> Source records:
[Start of section]

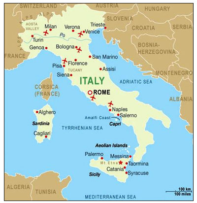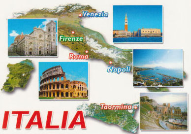 Основные города и курорты: Рим, Милан, Турин, Генуя, Венеция, Болонья, Флоренция, Неаполь.
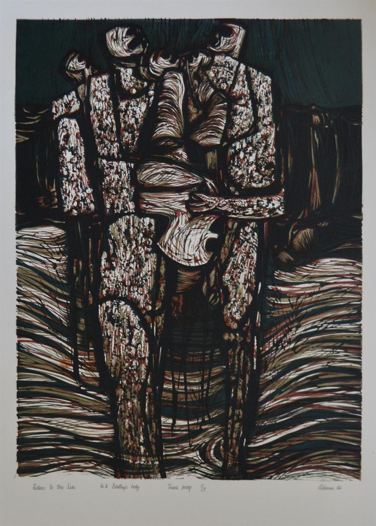 TATE ADAMS, RIDER TO THE SEA NO. 4, BARTLEY'S BODY, SCREENPRINT TRIAL PROOF, 56 X 43CM. CONDITION: OVERALL GOOD, SOME MINOR BROWN STAINING PRESENT INCLUDING ON VERSO, SLIGHLY SHOWING THROUGH TO FRONT OF WORK, LARGEST APPROX 2CM
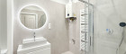 - Badezimmer mit Walk-Inn Dusche, Waschbecken, Waschmaschinenanschluss und Fenster
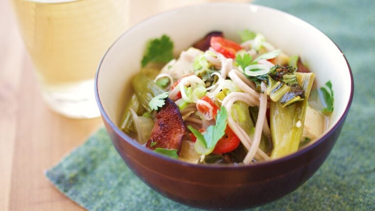 Recipe for soba noodles and tofu in caramelized onion broth
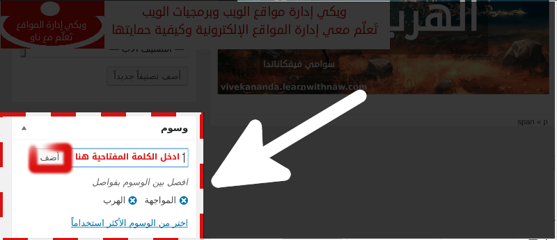 من الأفضل إضافة كلمات مفتاحية أو وسوم تعرّف بها محور المقالة او المنشور. يمكن ذلك من خلال مربع الوسوم الموجود أسفل مربع التصنيفات.

[End of section]

> What to do: Excluding pictures, print all lines above exactly.

> Answer to the problem:
 Основные города и курорты: Рим, Милан, Турин, Генуя, Венеция, Болонья, Флоренция, Неаполь.
 TATE ADAMS, RIDER TO THE SEA NO. 4, BARTLEY'S BODY, SCREENPRINT TRIAL PROOF, 56 X 43CM. CONDITION: OVERALL GOOD, SOME MINOR BROWN STAINING PRESENT INCLUDING ON VERSO, SLIGHLY SHOWING THROUGH TO FRONT OF WORK, LARGEST APPROX 2CM
 - Badezimmer mit Walk-Inn Dusche, Waschbecken, Waschmaschinenanschluss und Fenster
 Recipe for soba noodles and tofu in caramelized onion broth
 من الأفضل إضافة كلمات مفتاحية أو وسوم تعرّف بها محور المقالة او المنشور. يمكن ذلك من خلال مربع الوسوم الموجود أسفل مربع التصنيفات.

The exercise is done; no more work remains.